Ele está se perdendo, não alcança mais a satisfação de outrora. O tempo foi o seu rival predileto, hoje se tornou amigo de confidências. Desmorona memórias de um passado repleto de vitórias, ouve os seus discos prediletos retirados de uma estante de lembranças e derrama lágrimas de pó com ácaros e bactérias. Não entende o futuro, mas continua a acreditar no presente, mesmo que ausente estejam as suas virtudes transparentes.
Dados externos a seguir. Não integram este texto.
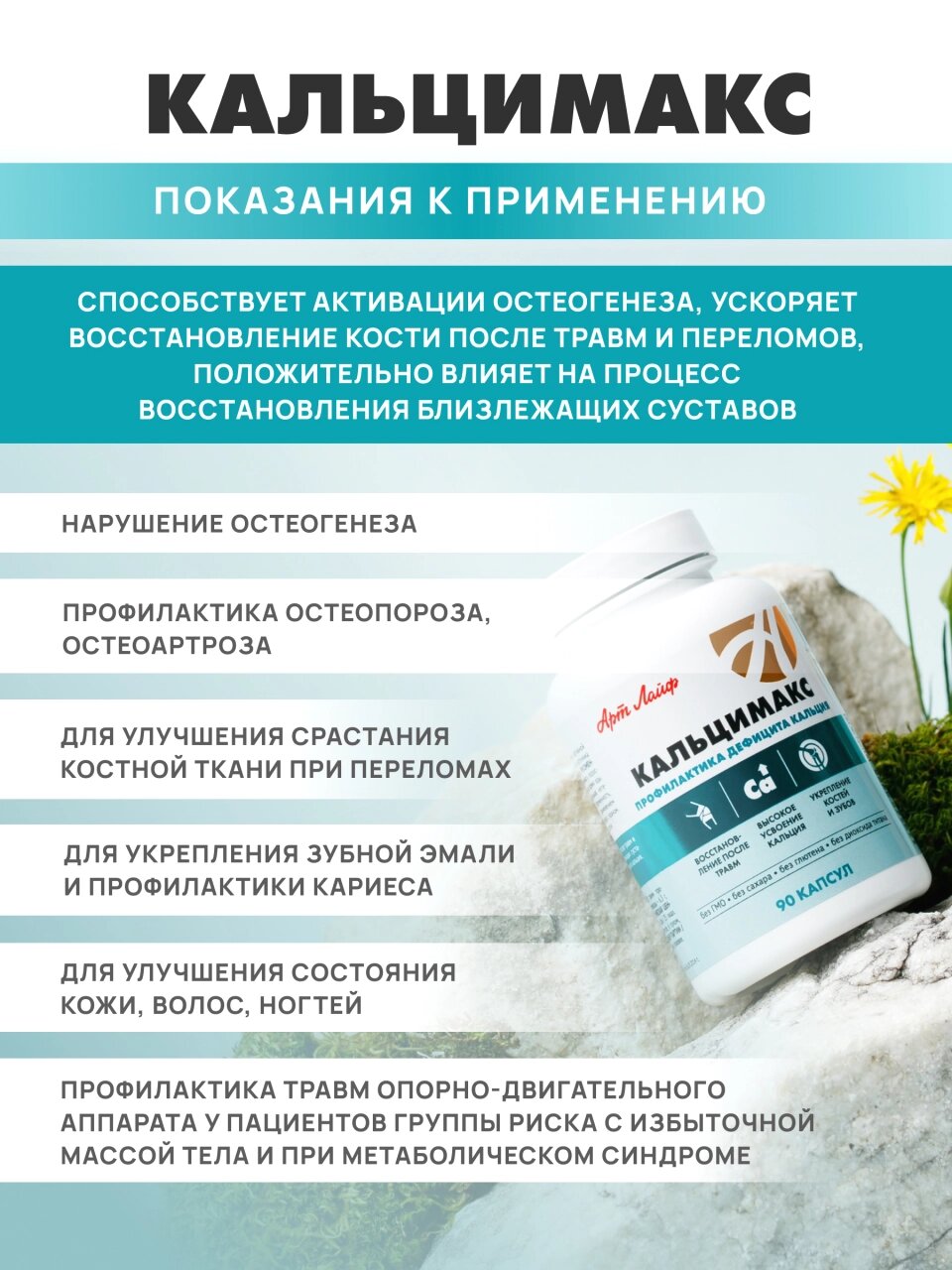 Купить Кальцимакс Арт Лайф. Источник кальция и микроэлементов для костей, ногтей, зубов, кожи и волос. 90 таб. с доставкой по всей России.

Certo dia, quando passeava perto do Jardim das Américas, pensou estar tendo um deja vú, porém, se tratava de uma visão real. A cena de um cachorro brincando com uma criança que, por sua vez, ao correr para o outro lado da rua foi atropelada, remeteu-o à infância que degustou com primor. O rapaz lembrou do período no hospital, no gesso do braço, no hematoma da perna e na cicatriz que até hoje carrega no canto do rosto. Lembrou como tinha sido infeliz a sua mãe junto ao seu pai e como um acidente banal aproximou-os. Era década de 1980 e, mesmo aos sete anos, o álbum predileto se chamava "The Queen Is Dead", do Smiths. "Balão Mágico" e "Trem da Alegria" eram cócegas fraternais para os seus ouvidos.
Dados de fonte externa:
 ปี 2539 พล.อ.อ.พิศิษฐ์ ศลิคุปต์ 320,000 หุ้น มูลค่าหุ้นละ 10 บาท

A tal cena do acidente foi um canal que trouxe, resumidamente, a retrospectiva da sua vida, sem direito a narração em off nem efeitos sonoros. O único som que serviu como trilha foi "Bigmouth Strikes Again", por mais que a sua preferida fosse "There is a Light That Never Goes Out" (Existe Uma Luz Que Nunca Sai). Até hoje, os versos do refrão são os seus preferidos, simples, mas que remetem fortes significados: "E se um ônibus de duplo-andar colidir conosco, morrer ao seu lado é tal como uma maneira maravilhosa de morrer/ E se um caminhão de dez toneladas nos matar, morrer ao seu lado, bem, é um prazer, o privilégio é meu".

Mas o fato é que ninguém nunca morreu de amores por ele. Ele, com certeza, morreria, pois quando atropelado, na realidade, ele estava salvando o seu cachorro da morte. Quebrou um braço, mas salvou o amigo, talvez o único da infância. Hoje ele vive de passados.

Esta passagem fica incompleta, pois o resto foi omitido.